A questo punto, sempre in relazione alle nostre parcelle di frumento, possiamo scrivere:

\[ Y_i \sim N(\mu, \sigma) \]

cioè possiamo scrivere che seguono una distribuzione di densità normale, con media \(\mu\) e deviazione standard \(\sigma\). A questo punto possiamo utilizzare la funzione di densità normale di R per fare alcune operazioni importanti.

6.5.1 ESERCIZIO 1

Calcolare la densità di una produzione pari a 5.5 t/ha, proveniente da una distribuzione normale con media 6 e deviazione standard pari a 0.6.

dnorm(5.5, mean = 6, sd = 0.6)
## [1] 0.4698531

6.5.2 ESERCIZIO 2

Disegnare due distribuzioni normali, con la stessa media e diversa deviazione standard. Disegnare in un box a fianco due distribuzioni normali con la stessa deviazione standard e diversa media.

par(mfrow = c(1,2))
curve(dnorm(x, 3, 1), from=0, to=6, ylab="Density")
curve(dnorm(x, 3, 2), add=T, col="red")
curve(dnorm(x, 3, 1), from=0, to=6, ylab="Density")
curve(dnorm(x, 4, 1), add=T, col="red")

Il primo esercizio non è molto interessante, perché, come abbiamo detto, ci fornisce la densità e non la probabilità.

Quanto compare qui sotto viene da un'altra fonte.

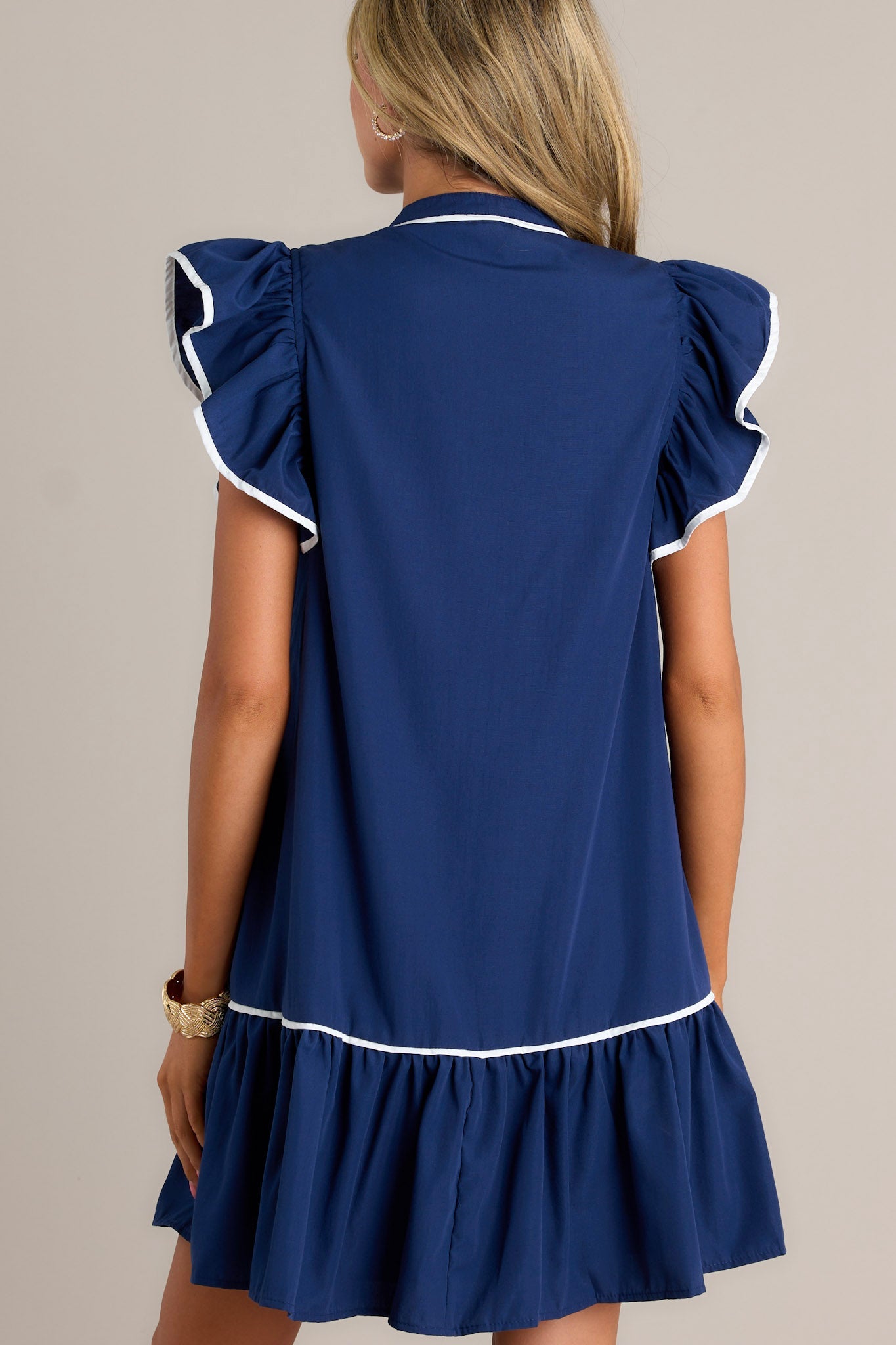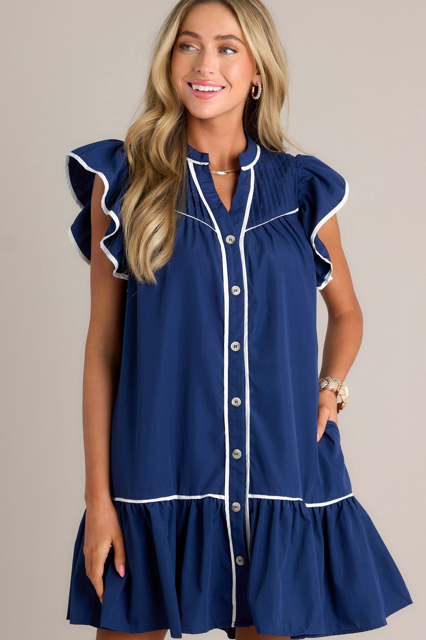 Step into style with this All Time Favorite Navy Button Front Mini Dress. The classic design and playful touches like front buttons and a mini length make it a wardrobe must-have. Perfect for any occasion, dress it up or down for a versatile and chic look. This navy mini dress features a v-neckline, a pleated chest, a full button front, functional hip pockets, a single tier, and short flutter sleeves.

Possiamo però utilizzare la funzione di probabilità cumulata per calcolare le probabilità.

6.5.3 ESERCIZIO 3

Qual è la probabilità che, da un pozzo con un contenuto medio di cloro pari a 1 meq \(l^{-1}\), eseguendo l’analisi con uno strumento caratterizzato da una deviazione standard pari a 0.04, io ottengo un valore pari o superiore a 1.1 \(meq l^{-1}\)?

pnorm(1.1, mean=1, sd=4*1/100, lower.tail=FALSE)
## [1] 0.006209665

Si utilizza l’argomento lower.tail=FALSE, in quanto stiamo cercando la probabilità di una concentrazione pari o superiore ad 1.1, e non pari od inferiore.

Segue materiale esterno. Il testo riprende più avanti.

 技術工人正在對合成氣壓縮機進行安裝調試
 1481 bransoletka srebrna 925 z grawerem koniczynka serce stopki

Sempre utilizzando metodi numerici è possibile calcolare i quantili per una distribuzione normale, noti che siano \(\mu\) e \(\sigma\).

6.5.4 ESERCIZIO 4

Nello stesso strumento sopra indicato e considerando lo stesso tipo di analisi, calcolare:

  1. la probabilità di ottenere una misura inferiore a 0.75
  2. la probabilità di ottenere una misura superiore a 1.5
  3. la probabilità di ottenere una misura compresa tra 0.95 e 1.05

Stabilire inoltre:

  1. la misura che è superiore al 90% di quelle possibili
  2. la misura che è inferiore al 70% di quelle possibili
  3. le misure entro le quali si trova il 95% delle misure possibili

La soluzione è banale secondo lo schema seguente.

pnorm(0.75, 1,4*1/100)
## [1] 2.052263e-10
pnorm(1.5, 1, 4*1/100, lower.tail=FALSE)
## [1] 3.732564e-36
pnorm(1.05, 1, 4*1/100) - pnorm(0.95, 1, 4*1/100)
## [1] 0.7887005
#Quantile function
qnorm(0.9, 1, 0.04)
## [1] 1.051262
qnorm(0.7, 1, 0.04, lower.tail=FALSE)
## [1] 0.979024
qnorm(0.975, 1, 0.04)
## [1] 1.078399
qnorm(0.025, 1, 0.04)
## [1] 0.9216014

6.6 La distribuzione t di Student

La distribuzione t di Student è analoga per forma ad una distribuzione normale con media 0 e deviazione standard 1. Rispetto a questa è un po’ più dispersa, nel senso che aumenta leggermente la probabilità di avere valori lontani dalla media. In realtà, non esiste una sola distribuzione t di Student, ma ne esistono molte, caratterizzate da un diverso numero di gradi di libertà (\(\nu\)); più questo è basso, più aumenta la sovradispersione. Se il numero di gradi di libertà è infinito, la distribuzione t di Student è identica alla normale standardizzata.

6.6.1 ESERCIZIO 5

Disegnare su un grafico una curva normale standardizzata ed una serie di curve di t, con 2, 6 e 24 gradi di libertà.

par(mfrow = c(1, 1))
curve(dnorm(x),-3, +3, col="Black", xlab="",
     ylab="Densità")
curve(dt(x, 2), add=TRUE, col = "blue")
curve(dt(x,6), add=TRUE, col = "red")
curve(dt(x,24), add=TRUE, col = "green")

6.7 La distribuzione F di Fisher

La distribuzione F di Fisher è definita solo per valori positivi ed ha una forma fortemente asimmetrica. Anche in questo caso si tratta di una famiglia di distribuzioni che differiscono tra di loro per due parametri (gradi di libertà) \(\nu_1\) e \(\nu_2\).

6.7.1 ESERCIZIO 6

Disegnare la curva di F con \(\nu_1 = \nu_2 = 3\). Calcolare la probabilità di estrarre da questa distribuzione un valore pari o superiore a 5. Calcolare il 95° percentile.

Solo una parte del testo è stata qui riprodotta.